**Exercise**.
The entries below contain pictures. Write out only the lines from the line with "Meet the Arturia" up to and including the line with "La pose d'un", exactly, without them.

*** Opening Supplied records ***

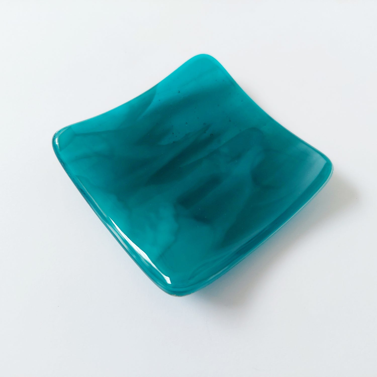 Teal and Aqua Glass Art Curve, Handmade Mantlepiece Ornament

*** Closing Supplied records ***
*** Opening Supplied records ***

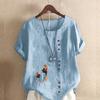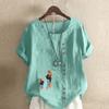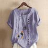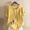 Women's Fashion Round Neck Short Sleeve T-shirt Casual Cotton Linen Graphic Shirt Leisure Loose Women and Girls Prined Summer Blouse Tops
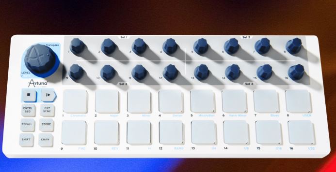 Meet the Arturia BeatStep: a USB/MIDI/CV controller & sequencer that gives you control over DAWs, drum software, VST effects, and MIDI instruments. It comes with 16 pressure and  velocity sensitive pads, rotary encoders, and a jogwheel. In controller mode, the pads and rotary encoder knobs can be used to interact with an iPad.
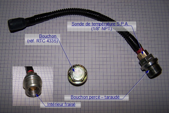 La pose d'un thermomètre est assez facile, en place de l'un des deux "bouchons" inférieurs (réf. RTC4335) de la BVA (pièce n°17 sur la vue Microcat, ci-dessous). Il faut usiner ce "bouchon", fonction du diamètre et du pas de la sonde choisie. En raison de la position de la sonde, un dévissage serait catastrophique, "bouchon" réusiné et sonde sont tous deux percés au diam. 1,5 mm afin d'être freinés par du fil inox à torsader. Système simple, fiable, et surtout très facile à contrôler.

*** Closing Supplied records ***

**Answer for the task**.
 Meet the Arturia BeatStep: a USB/MIDI/CV controller & sequencer that gives you control over DAWs, drum software, VST effects, and MIDI instruments. It comes with 16 pressure and  velocity sensitive pads, rotary encoders, and a jogwheel. In controller mode, the pads and rotary encoder knobs can be used to interact with an iPad.
 La pose d'un thermomètre est assez facile, en place de l'un des deux "bouchons" inférieurs (réf. RTC4335) de la BVA (pièce n°17 sur la vue Microcat, ci-dessous). Il faut usiner ce "bouchon", fonction du diamètre et du pas de la sonde choisie. En raison de la position de la sonde, un dévissage serait catastrophique, "bouchon" réusiné et sonde sont tous deux percés au diam. 1,5 mm afin d'être freinés par du fil inox à torsader. Système simple, fiable, et surtout très facile à contrôler.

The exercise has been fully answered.